• WORK REQUIRED:
Output, exactly and with no pictures, the line that contains "LUMILED MALUS to" and every line that comes after it in the data below, the last one included.
──────── DATASET ENTRIES
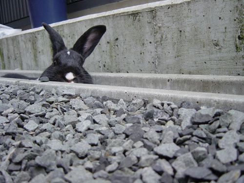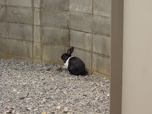 近くを通るトラックの音にびっくりして逃げる。
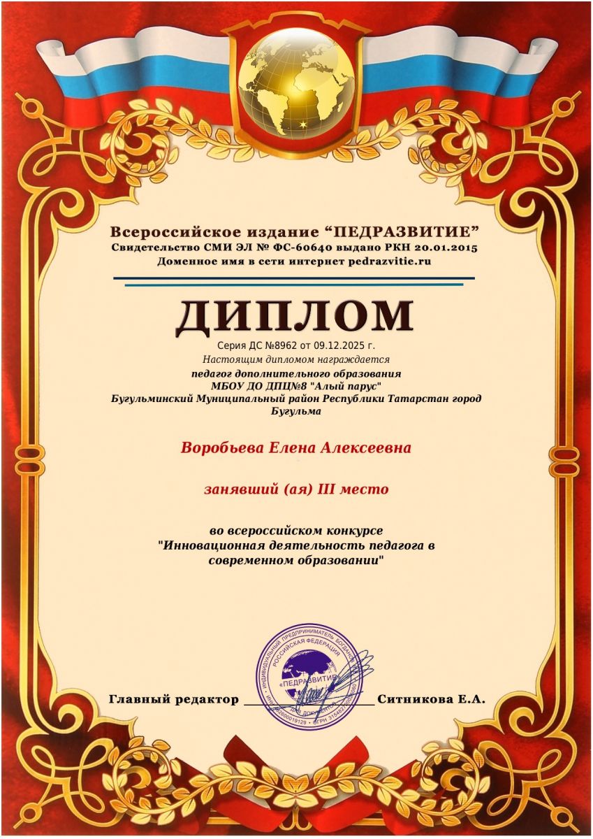 Диплом 3 место Воробьева Елена Алексеевна, Всероссийский
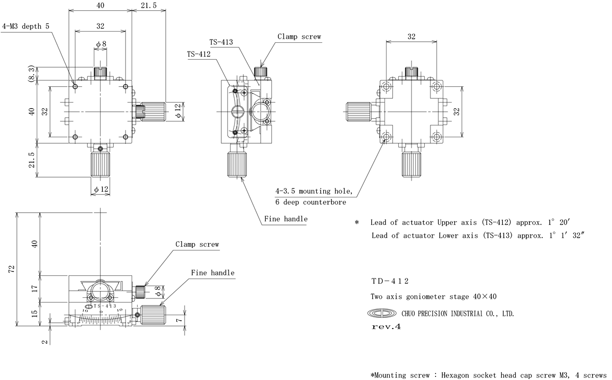 Mounting screw : Hexagon socket head cap screw M3, 4 screws
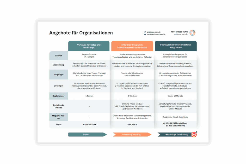 - Führungskräfte und Manager, die selbst Burnout vorbeugen und ihre Kompetenzen an ihr Team weitergeben möchten
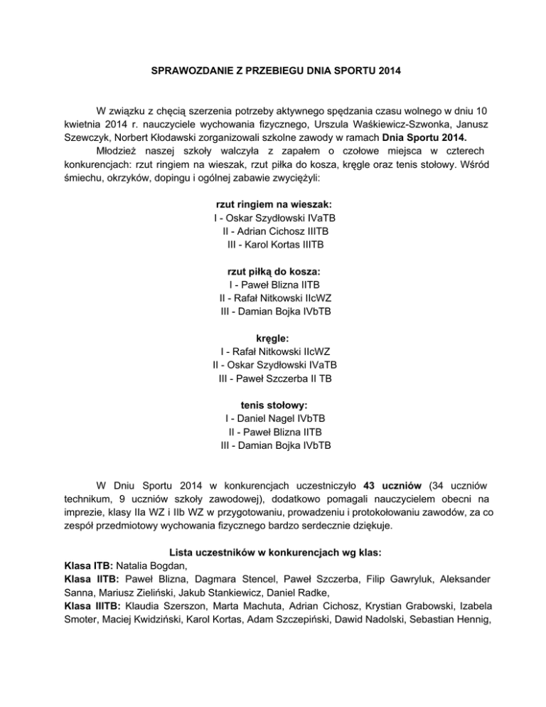 SPRAWOZDANIE Z PRZEBIEGU DNIA SPORTU 2014 W związku z chęcią szerzenia potrzeby aktywnego spędzania czasu wolnego w dniu 10 kwietnia 2014 r. nauczyciele wychowania fizycznego, Urszula WaśkiewiczSzwonka, Janusz Szewczyk, Norbert Kłodawski zorganizowali szkolne zawody w ramach Dnia Sportu 2014. Młodzież naszej szkoły walczyła z zapałem o czołowe miejsca w czterech konkurencjach: rzut ringiem na wieszak, rzut piłka do kosza, kręgle oraz tenis stołowy. Wśród śmiechu, okrzyków, dopingu i ogólnej zabawie zwyciężyli: rzut ringiem na wieszak: I Oskar Szydłowski IVaTB II Adrian Cichosz IIITB III Karol Kortas IIITB rzut piłką do kosza: I Paweł Blizna IITB II Rafał Nitkowski IIcWZ III Damian Bojka IVbTB kręgle: I Rafał Nitkowski IIcWZ II Oskar Szydłowski IVaTB III Paweł Szczerba II TB tenis stołowy: I Daniel Nagel IVbTB II Paweł Blizna IITB III Damian Bojka IVbTB W Dniu Sportu 2014 w konkurencjach uczestniczyło 43 uczniów (34 uczniów technikum, 9 uczniów szkoły zawodowej), dodatkowo pomagali nauczycielem obecni na imprezie, klasy IIa WZ i IIb WZ w przygotowaniu, prowadzeniu i protokołowaniu zawodów, za co zespół przedmiotowy wychowania fizycznego bardzo serdecznie dziękuje. Lista uczestników w konkurencjach wg klas: Klasa ITB: Natalia Bogdan, Klasa IITB: Paweł Blizna, Dagmara Stencel, Paweł Szczerba, Filip Gawryluk, Aleksander Sanna, Mariusz Zieliński, Jakub Stankiewicz, Daniel Radke, Klasa IIITB: Klaudia Szerszon, Marta Machuta, Adrian Cichosz, Krystian Grabowski, Izabela Smoter, Maciej Kwidziński, Karol Kortas, Adam Szczepiński, Dawid Nadolski, Sebastian Hennig, Klasa IVaTB: Oskar Szydłowski, Adam Ciężkowski, Lucjan Kass, Mateusz Kass, Kamila Zbrzeska, Maciej Kieliński, Aleksandra Reschke, Paulina Schmulta, Dawid Ratajczak, Jakub Woźniak, Klasa IVbTB: Damian Bojka, Seweryn Gęsicki, Sławomir Wolschon, Dawid Walder, Daniel Nagel, Klasa IIaWZ: Daria Treder, Mateusz Kondaszewski, Andrzej Plichta, Darek Pollikeit, Patryk Pollikeit, Klasa IIbWZ: Paweł Truskolawski Klasa IIcWZ: Marcin Bach, Kacper Waleczkowski, Rafał Nitkowski Impreza zakończyła się wręczeniem przez Panią Dyrektor Dorotę Borys dyplomów, medali i statuetek dla najlepszych uczniów poszczególnych konkurencji. Dzięki dogodnemu terminowi /środek tygodnia/ frekwencjia przeszła najśmielsze oczekiwania. Przedmiotowy zespół wychowania fizycznego: Urszula WaśkiewiczSzwonka Janusz Szewczyk Norbert Kłodawski
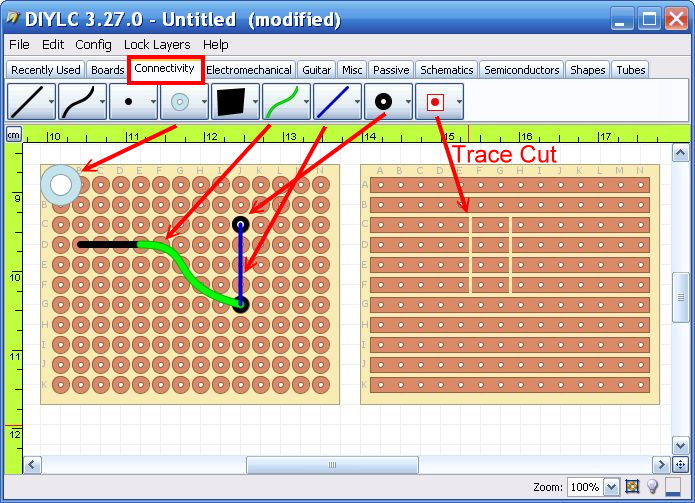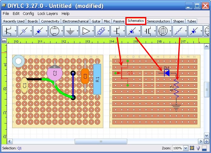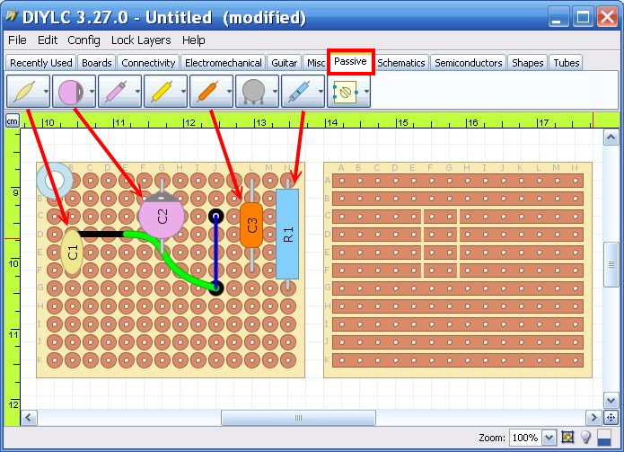 DIYLC是一款用于设计pcb电路板也就是我们俗称的洞洞板的软件,这款软件全称为DIY Layout Creato,它是一款用来设计电路图的绘图软件。
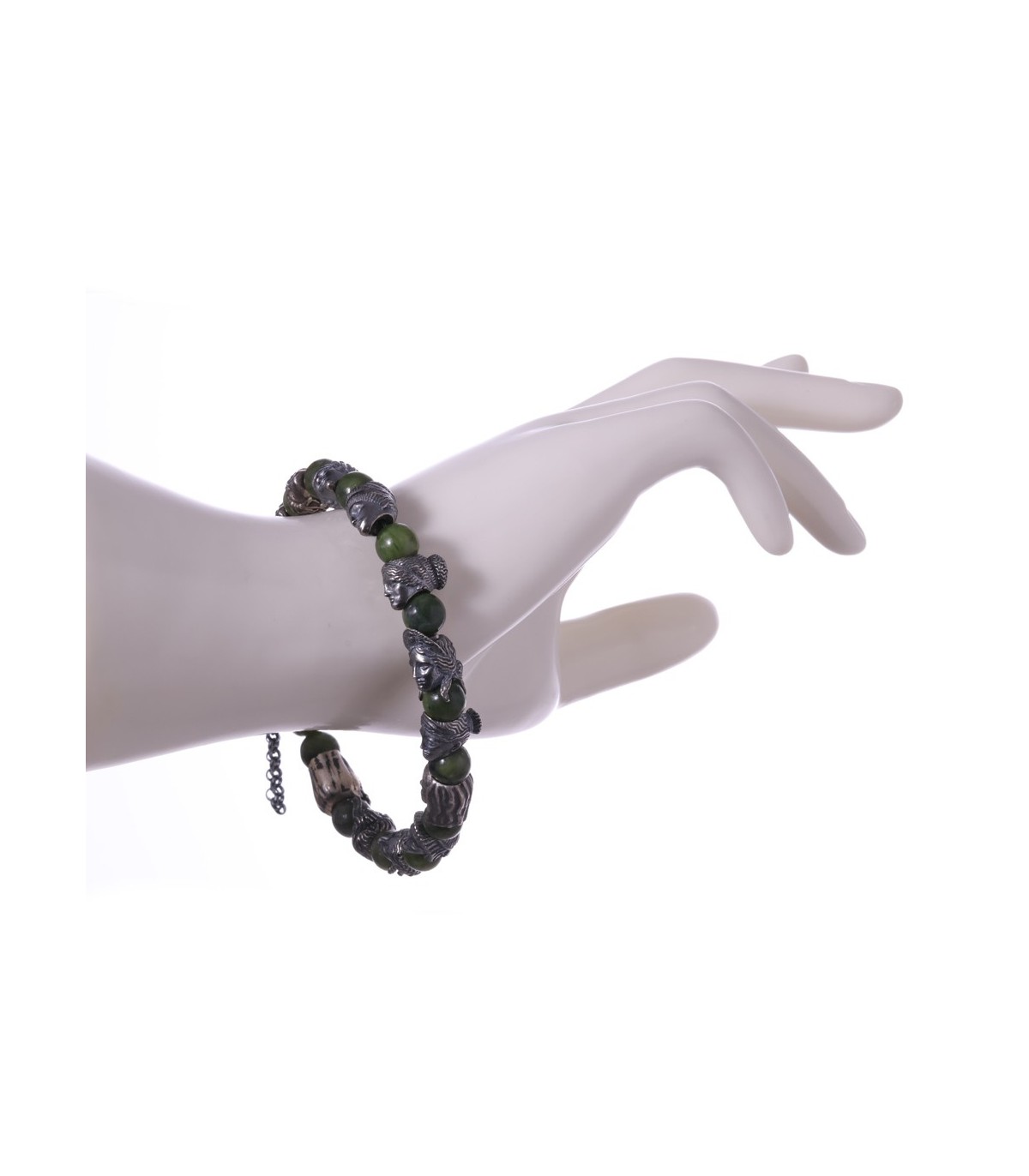 Exhortor – Silver Bracelet of Ancient Female Figures and Green Serpentine
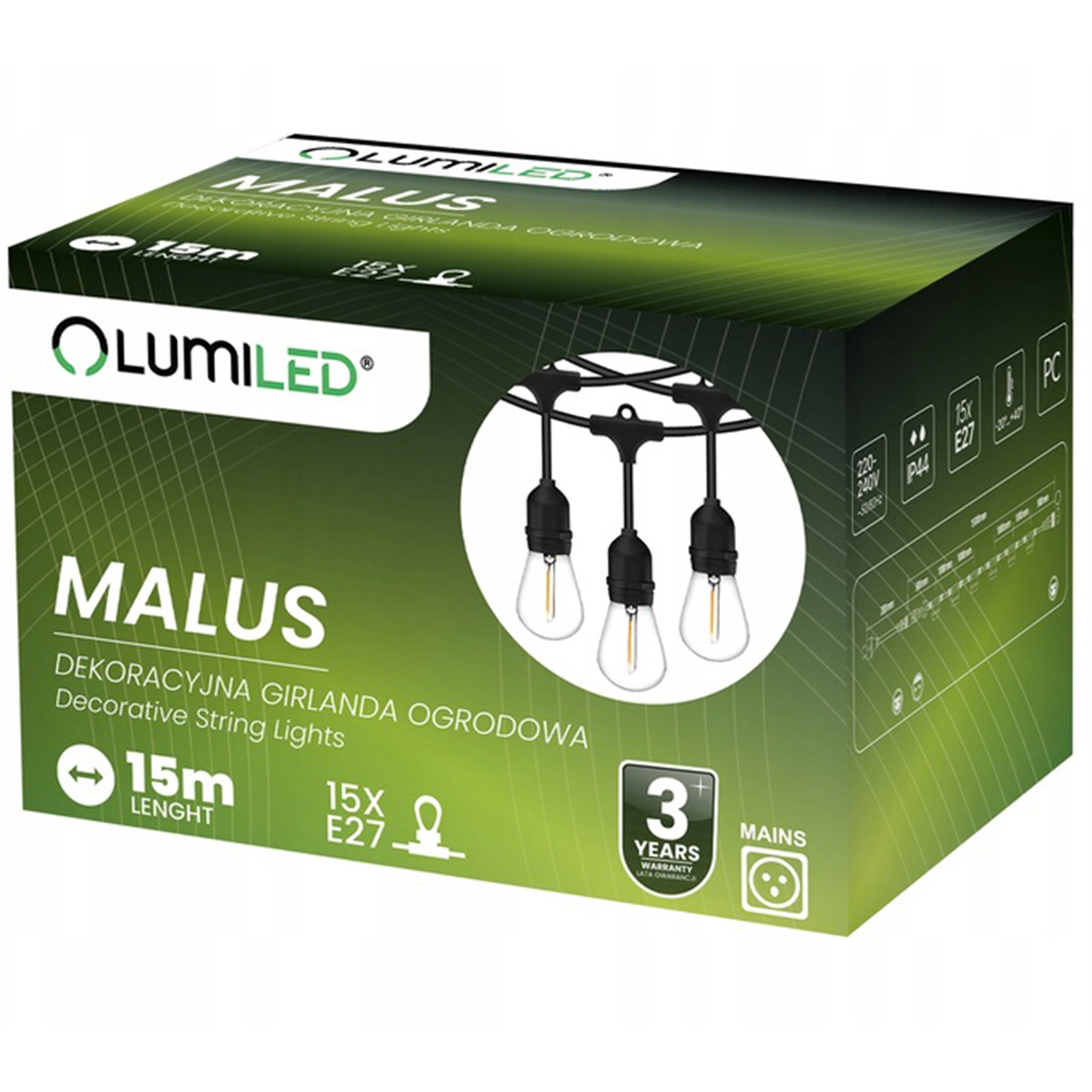 LUMILED MALUS to dekoracyjna girlanda ogrodowa o długości 15 metrów, wyposażona w 15 gniazd E27 oraz komplet 15 żarówek LED 1,3W 2200K. Dzięki gotowemu zestawowi od razu stworzysz wyjątkową atmosferę w ogrodzie, na tarasie lub podczas spotkań na świeżym powietrzu. Dopasowane źródła światła gwarantują ciepłą, nastrojową barwę i równomierne oświetlenie, które sprawdzi się zarówno na co dzień, jak i podczas wyjątkowych okazji. To nie tylko praktyczne i kompletne rozwiązanie, ale również stylowa dekoracja, która odmienia każdą przestrzeń.
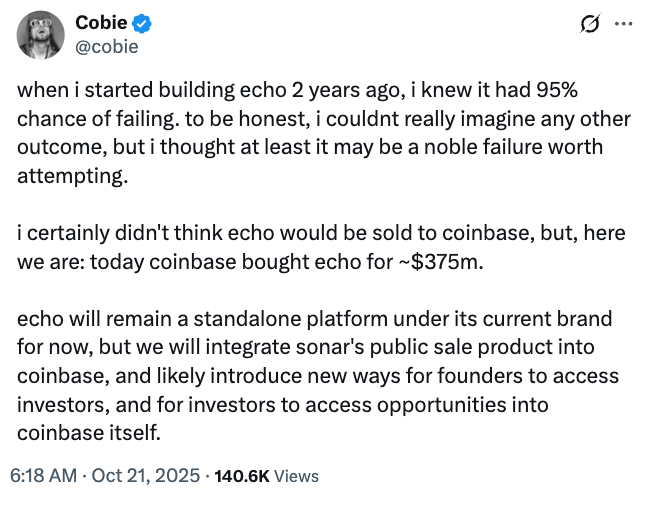 “I certainly didn’t think Echo would be sold to Coinbase, but here we are: Today Coinbase bought Echo for about $375 million,” Cobie wrote on X.
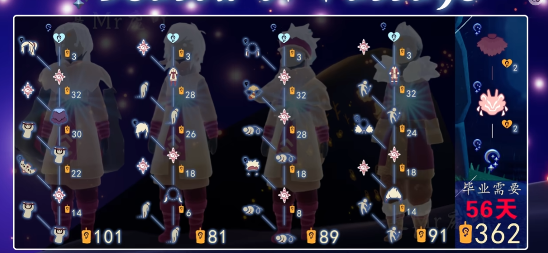 新季节总共会迎来四个先祖,全部解锁总共需要花费362根季节蜡烛,有季卡的话毕业需要56天。而这个季节无需季卡能够兑换到两个衣服,一个斗篷一个发型,高人气的耳坠都需要季卡。
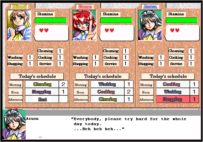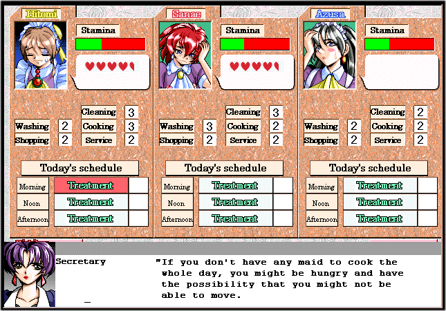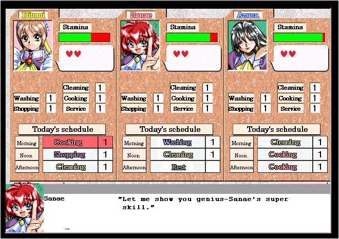 The game where you're given the important task of teaching three girls how to become the perfect maids in cleaning, washing and cooking. Oh, and blowjobs, and anal as well...
────────────────
• RESPONSE TO THIS TASK:
 LUMILED MALUS to dekoracyjna girlanda ogrodowa o długości 15 metrów, wyposażona w 15 gniazd E27 oraz komplet 15 żarówek LED 1,3W 2200K. Dzięki gotowemu zestawowi od razu stworzysz wyjątkową atmosferę w ogrodzie, na tarasie lub podczas spotkań na świeżym powietrzu. Dopasowane źródła światła gwarantują ciepłą, nastrojową barwę i równomierne oświetlenie, które sprawdzi się zarówno na co dzień, jak i podczas wyjątkowych okazji. To nie tylko praktyczne i kompletne rozwiązanie, ale również stylowa dekoracja, która odmienia każdą przestrzeń.
 “I certainly didn’t think Echo would be sold to Coinbase, but here we are: Today Coinbase bought Echo for about $375 million,” Cobie wrote on X.
 新季节总共会迎来四个先祖,全部解锁总共需要花费362根季节蜡烛,有季卡的话毕业需要56天。而这个季节无需季卡能够兑换到两个衣服,一个斗篷一个发型,高人气的耳坠都需要季卡。
 The game where you're given the important task of teaching three girls how to become the perfect maids in cleaning, washing and cooking. Oh, and blowjobs, and anal as well...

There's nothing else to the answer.